■ Recorded information ■
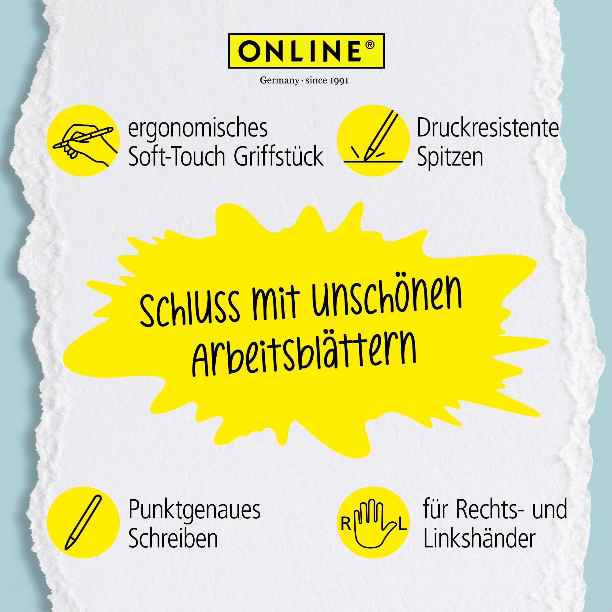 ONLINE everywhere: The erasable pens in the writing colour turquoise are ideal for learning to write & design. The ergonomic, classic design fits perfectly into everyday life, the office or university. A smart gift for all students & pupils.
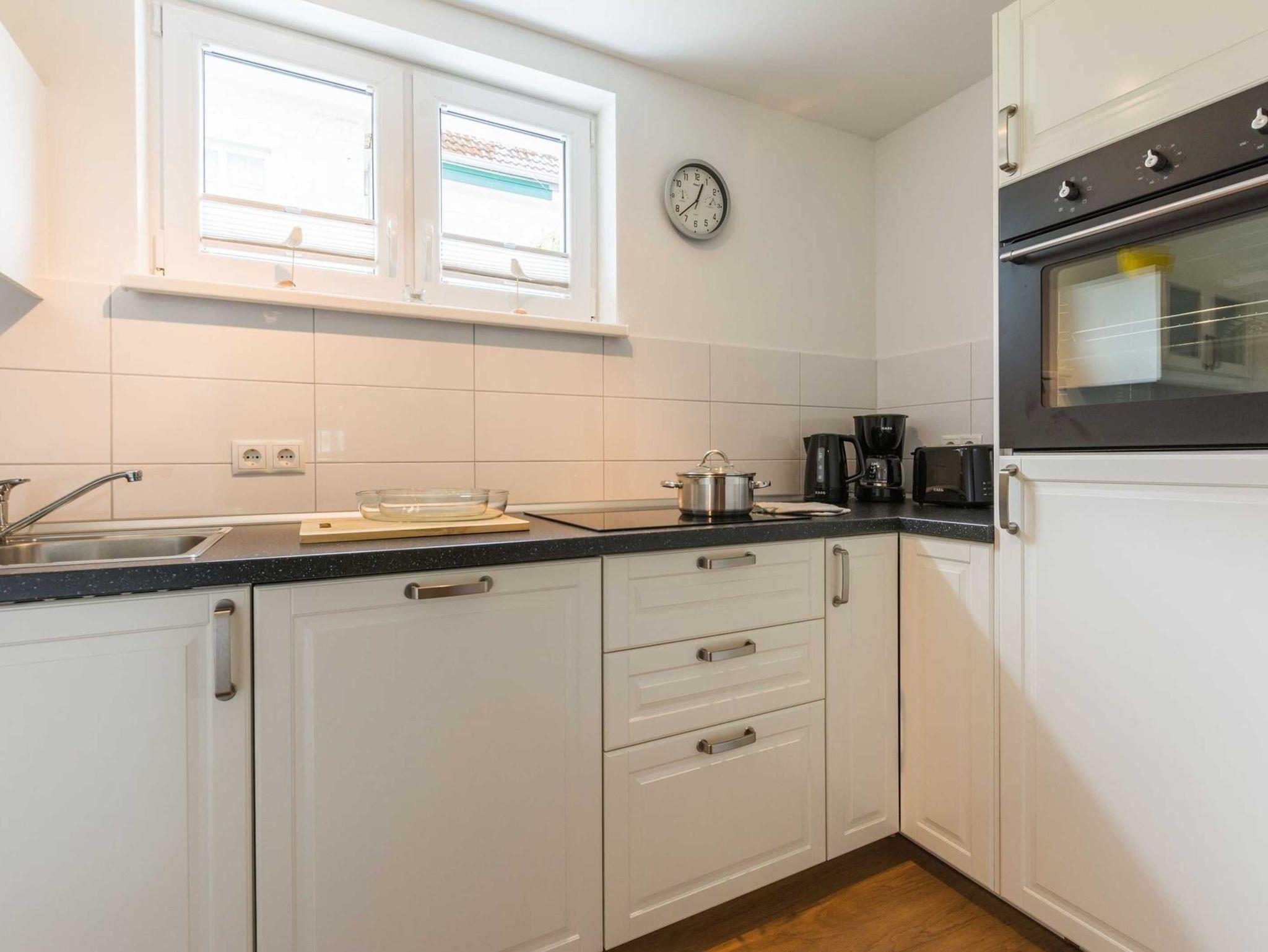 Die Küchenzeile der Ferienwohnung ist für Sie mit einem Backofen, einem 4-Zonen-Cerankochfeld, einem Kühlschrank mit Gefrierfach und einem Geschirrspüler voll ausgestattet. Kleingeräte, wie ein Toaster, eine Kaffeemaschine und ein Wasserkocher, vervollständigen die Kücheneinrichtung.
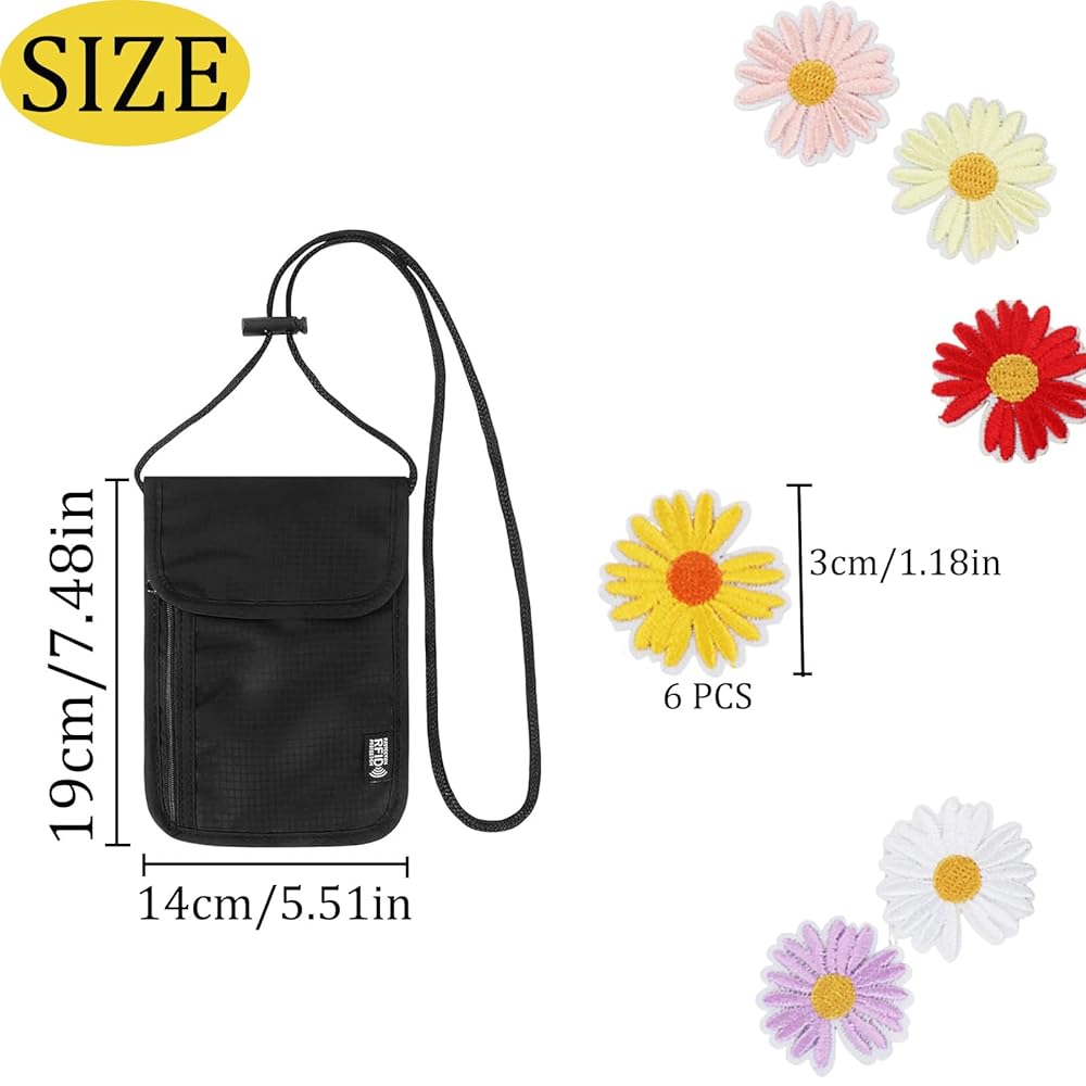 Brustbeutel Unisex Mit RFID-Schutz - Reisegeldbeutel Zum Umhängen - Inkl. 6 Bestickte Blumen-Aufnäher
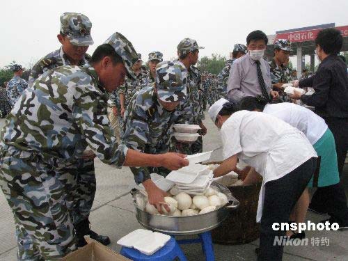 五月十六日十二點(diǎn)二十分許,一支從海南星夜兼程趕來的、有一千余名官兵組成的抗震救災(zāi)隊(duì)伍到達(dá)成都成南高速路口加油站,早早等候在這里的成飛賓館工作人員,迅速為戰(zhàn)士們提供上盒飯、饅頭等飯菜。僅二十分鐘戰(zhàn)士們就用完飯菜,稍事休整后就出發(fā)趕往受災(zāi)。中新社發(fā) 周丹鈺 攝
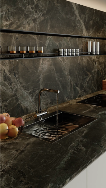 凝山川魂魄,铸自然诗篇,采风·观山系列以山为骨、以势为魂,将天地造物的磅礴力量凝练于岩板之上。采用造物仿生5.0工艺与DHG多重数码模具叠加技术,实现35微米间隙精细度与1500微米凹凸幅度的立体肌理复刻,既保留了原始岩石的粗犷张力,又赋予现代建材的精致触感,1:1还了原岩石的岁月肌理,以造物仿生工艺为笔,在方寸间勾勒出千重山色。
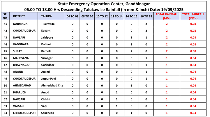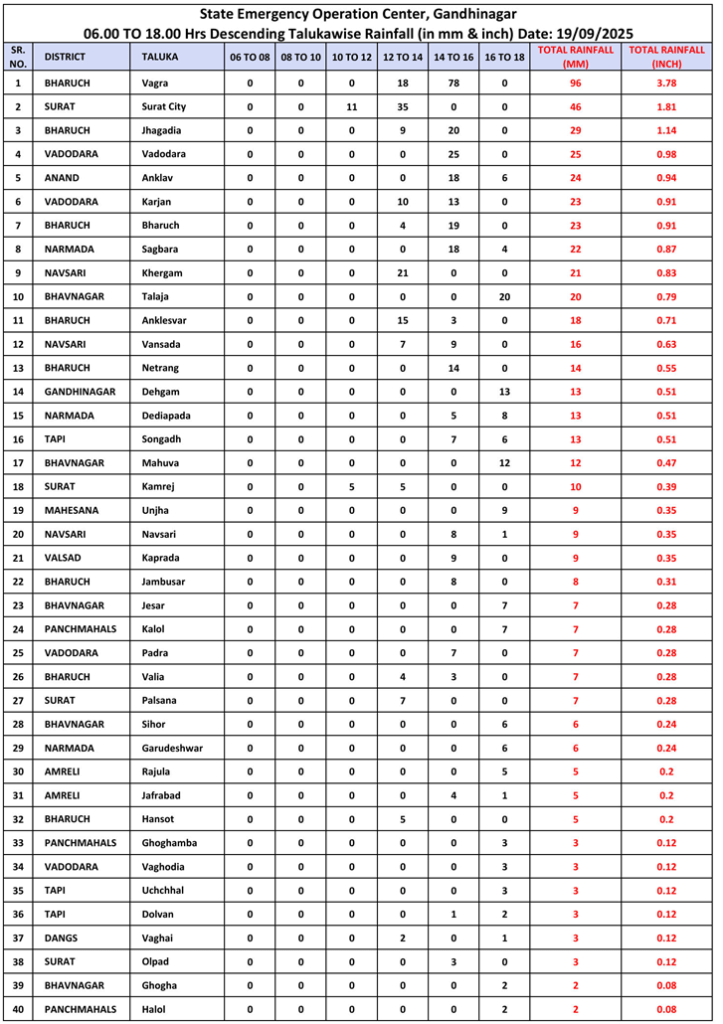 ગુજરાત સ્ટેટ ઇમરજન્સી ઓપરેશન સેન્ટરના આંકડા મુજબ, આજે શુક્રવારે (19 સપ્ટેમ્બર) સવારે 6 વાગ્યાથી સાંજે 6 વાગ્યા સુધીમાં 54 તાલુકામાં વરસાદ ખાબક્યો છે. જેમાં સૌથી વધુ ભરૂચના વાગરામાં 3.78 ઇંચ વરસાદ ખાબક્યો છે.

■ Try it ■
Each line from the one containing "Die Küchenzeile der" to the final line of the data must be printed exactly, both included, with nothing else and no pictures.

■ Task output ■
 Die Küchenzeile der Ferienwohnung ist für Sie mit einem Backofen, einem 4-Zonen-Cerankochfeld, einem Kühlschrank mit Gefrierfach und einem Geschirrspüler voll ausgestattet. Kleingeräte, wie ein Toaster, eine Kaffeemaschine und ein Wasserkocher, vervollständigen die Kücheneinrichtung.
 Brustbeutel Unisex Mit RFID-Schutz - Reisegeldbeutel Zum Umhängen - Inkl. 6 Bestickte Blumen-Aufnäher
 五月十六日十二點(diǎn)二十分許,一支從海南星夜兼程趕來的、有一千余名官兵組成的抗震救災(zāi)隊(duì)伍到達(dá)成都成南高速路口加油站,早早等候在這里的成飛賓館工作人員,迅速為戰(zhàn)士們提供上盒飯、饅頭等飯菜。僅二十分鐘戰(zhàn)士們就用完飯菜,稍事休整后就出發(fā)趕往受災(zāi)。中新社發(fā) 周丹鈺 攝
 凝山川魂魄,铸自然诗篇,采风·观山系列以山为骨、以势为魂,将天地造物的磅礴力量凝练于岩板之上。采用造物仿生5.0工艺与DHG多重数码模具叠加技术,实现35微米间隙精细度与1500微米凹凸幅度的立体肌理复刻,既保留了原始岩石的粗犷张力,又赋予现代建材的精致触感,1:1还了原岩石的岁月肌理,以造物仿生工艺为笔,在方寸间勾勒出千重山色。
 ગુજરાત સ્ટેટ ઇમરજન્સી ઓપરેશન સેન્ટરના આંકડા મુજબ, આજે શુક્રવારે (19 સપ્ટેમ્બર) સવારે 6 વાગ્યાથી સાંજે 6 વાગ્યા સુધીમાં 54 તાલુકામાં વરસાદ ખાબક્યો છે. જેમાં સૌથી વધુ ભરૂચના વાગરામાં 3.78 ઇંચ વરસાદ ખાબક્યો છે.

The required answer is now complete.